**WHAT IS EXPECTED:**
Beginning with the first line, return the material verbatim and without pictures.

**DATA PROVIDED:**
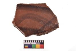 | Description / विवरण | Specimen of black on red ware with decorative geometric Its decorated with two horizontal bands with sets of triple arches painting. |
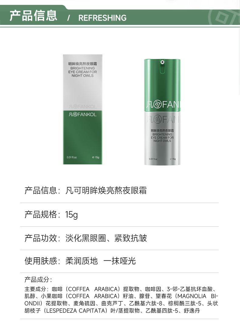 【社群专属】凡可咖啡因熬夜眼霜15g淡化细纹黑眼圈浮肿冰美式
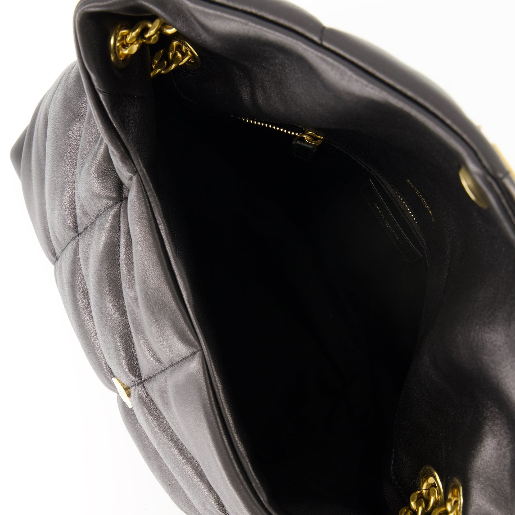 Medium black Puffer bag from Saint Laurent, designed for women. This model is part of the Spring-Summer 2025 collection and is made from lambskin leather with a quilted design.
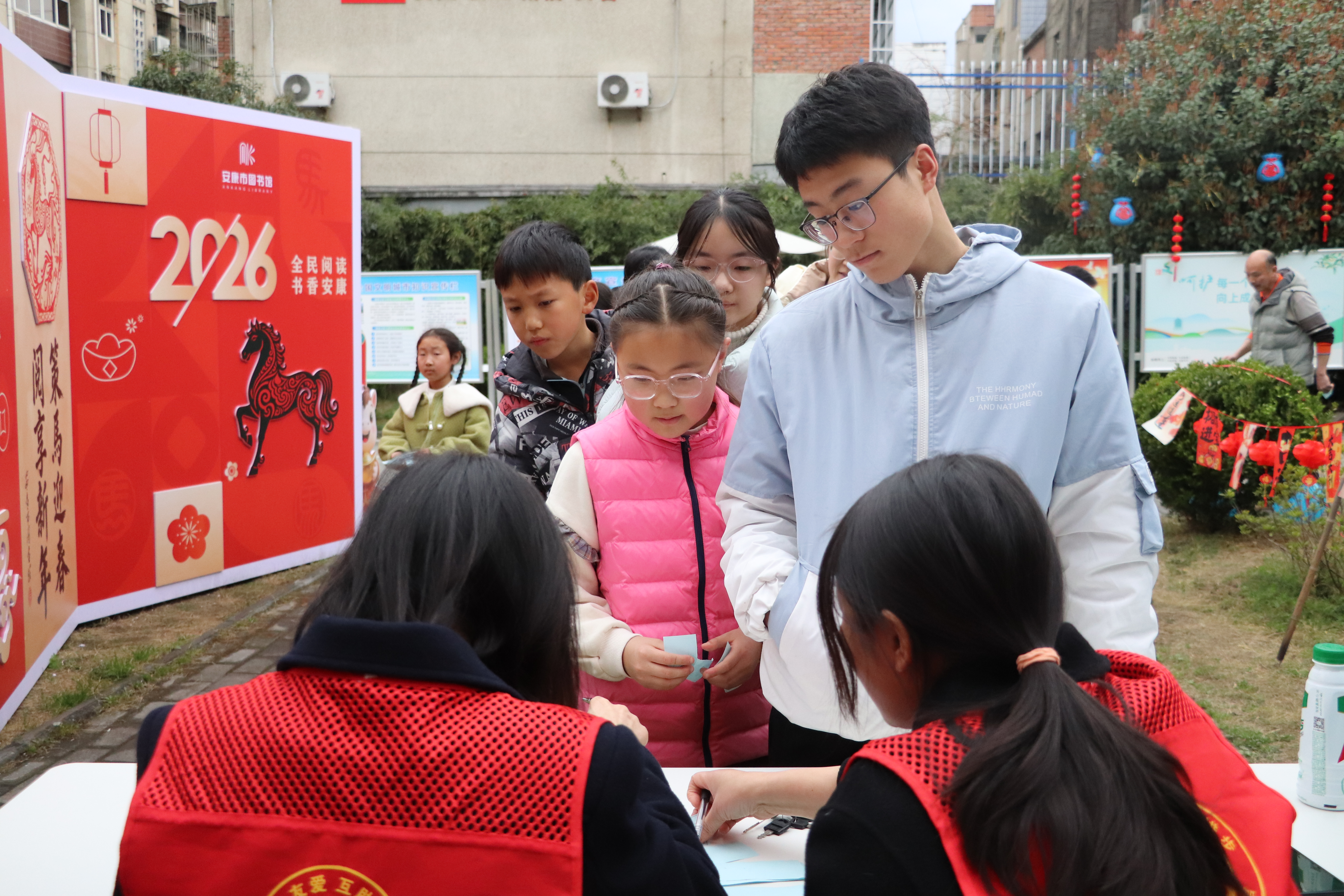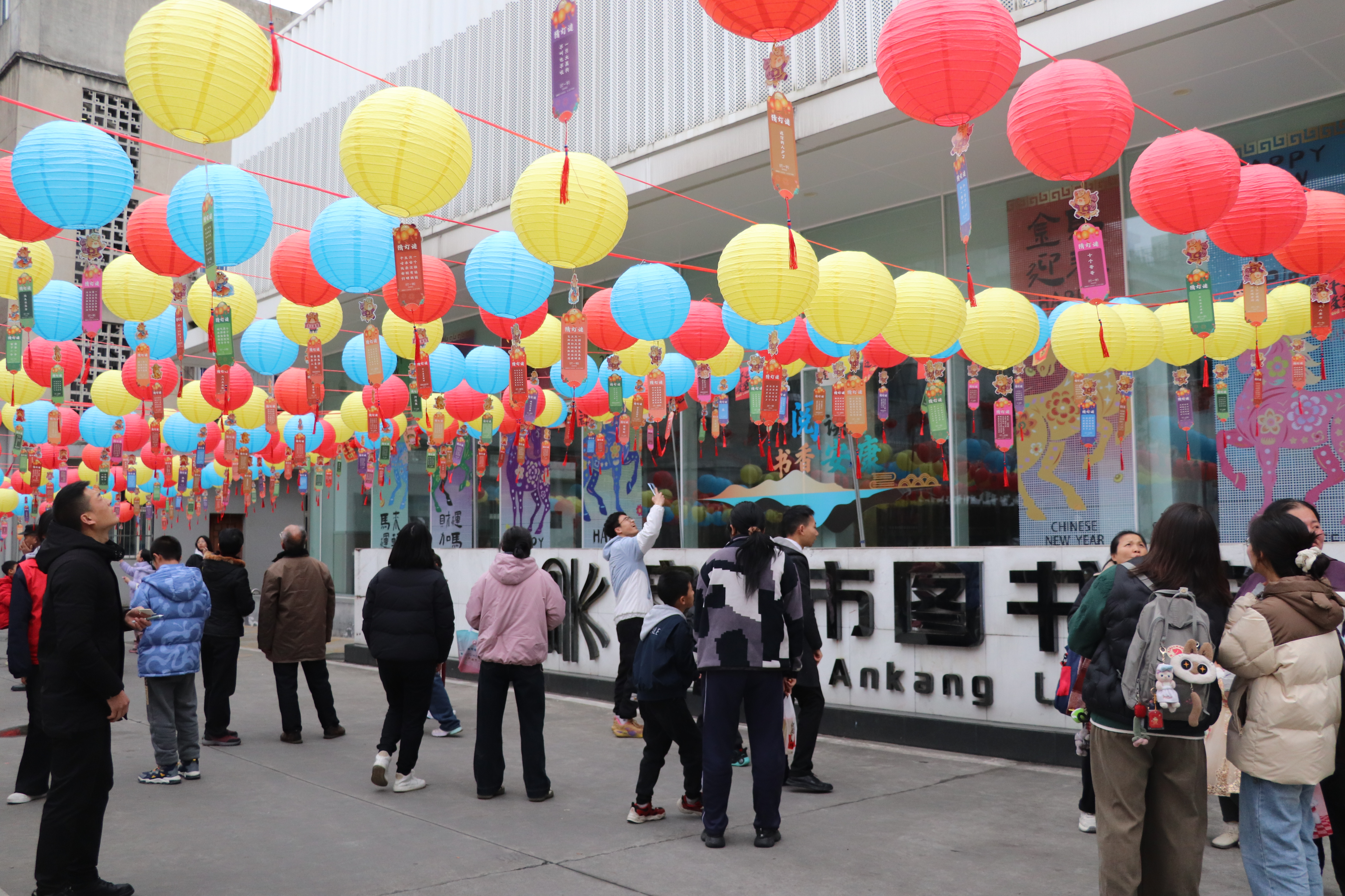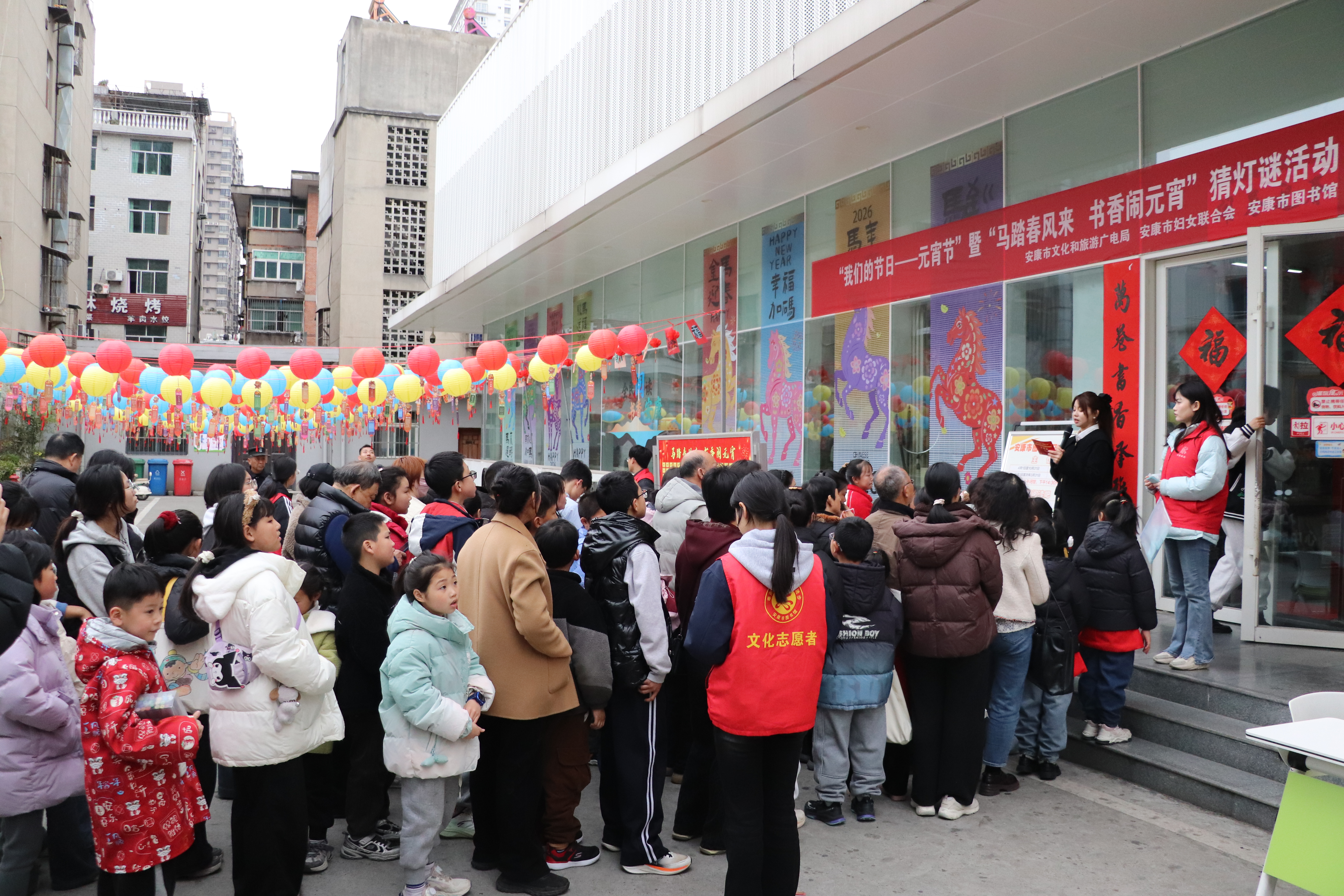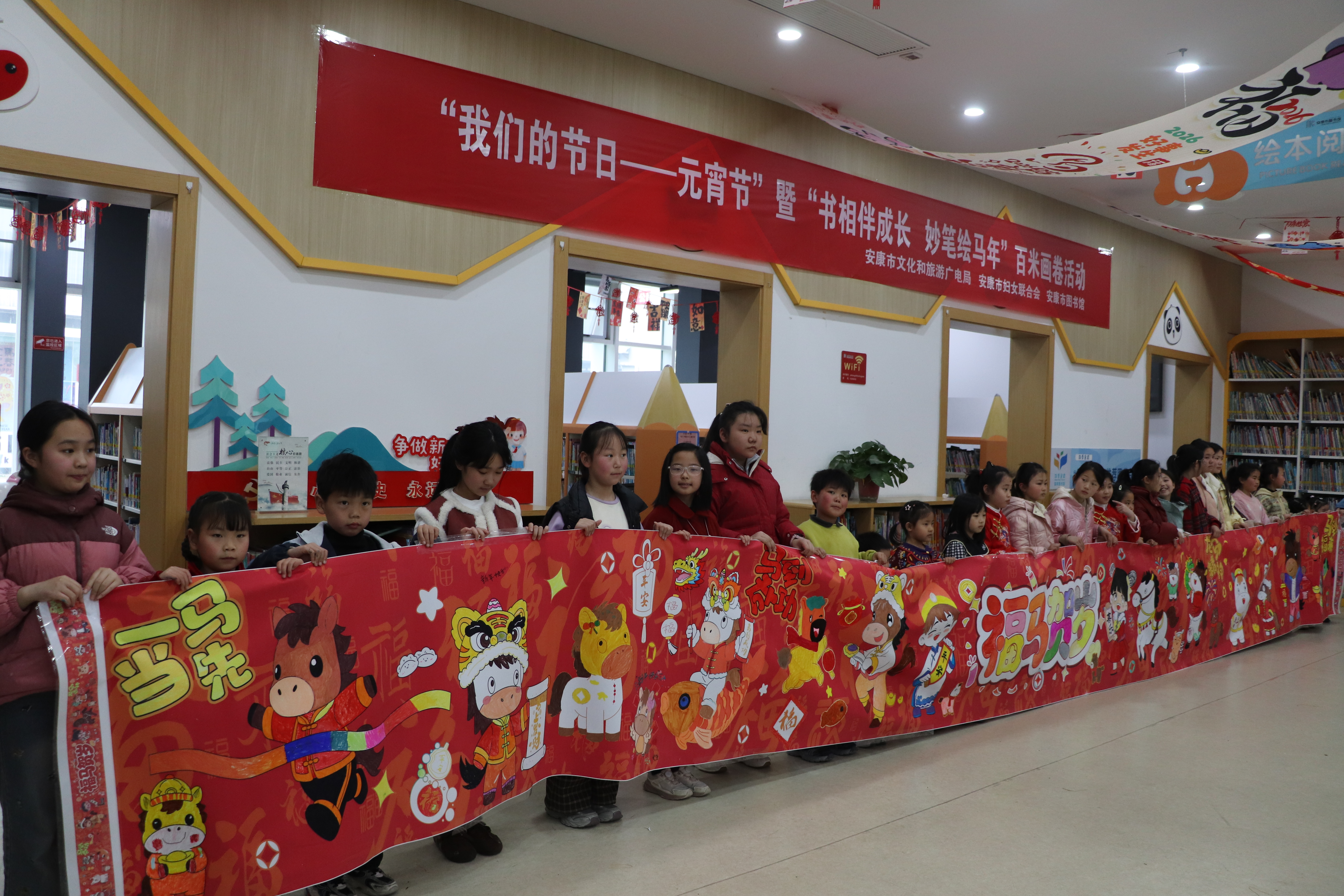 农历丙午马年正月十四(2026年3月2日)下午,安康市图书馆内张灯结彩,书香与笑语交融。由安康市文化和旅游广电局、安康市妇女联合会主办,安康市图书馆承办的“马踏春风来,书香闹元宵”系列活动圆满举办,数百名读者朋友欢聚在图书馆院内,在浓郁的文化氛围中度过了一个温馨喜庆、别开生面的元宵佳节。本次活动旨在弘扬优秀传统文化,丰富市民读者精神文化生活,助力“书香安康”建设。现场精心设计了“趣味猜灯谜”与“共绘百米画卷,妙笔绘马年”两大主题活动,将传统节俗与图书馆的阅读、美育功能巧妙结合。

**WRITTEN ANSWER:**
 | Description / विवरण | Specimen of black on red ware with decorative geometric Its decorated with two horizontal bands with sets of triple arches painting. |
 【社群专属】凡可咖啡因熬夜眼霜15g淡化细纹黑眼圈浮肿冰美式
 Medium black Puffer bag from Saint Laurent, designed for women. This model is part of the Spring-Summer 2025 collection and is made from lambskin leather with a quilted design.
 农历丙午马年正月十四(2026年3月2日)下午,安康市图书馆内张灯结彩,书香与笑语交融。由安康市文化和旅游广电局、安康市妇女联合会主办,安康市图书馆承办的“马踏春风来,书香闹元宵”系列活动圆满举办,数百名读者朋友欢聚在图书馆院内,在浓郁的文化氛围中度过了一个温馨喜庆、别开生面的元宵佳节。本次活动旨在弘扬优秀传统文化,丰富市民读者精神文化生活,助力“书香安康”建设。现场精心设计了“趣味猜灯谜”与“共绘百米画卷,妙笔绘马年”两大主题活动,将传统节俗与图书馆的阅读、美育功能巧妙结合。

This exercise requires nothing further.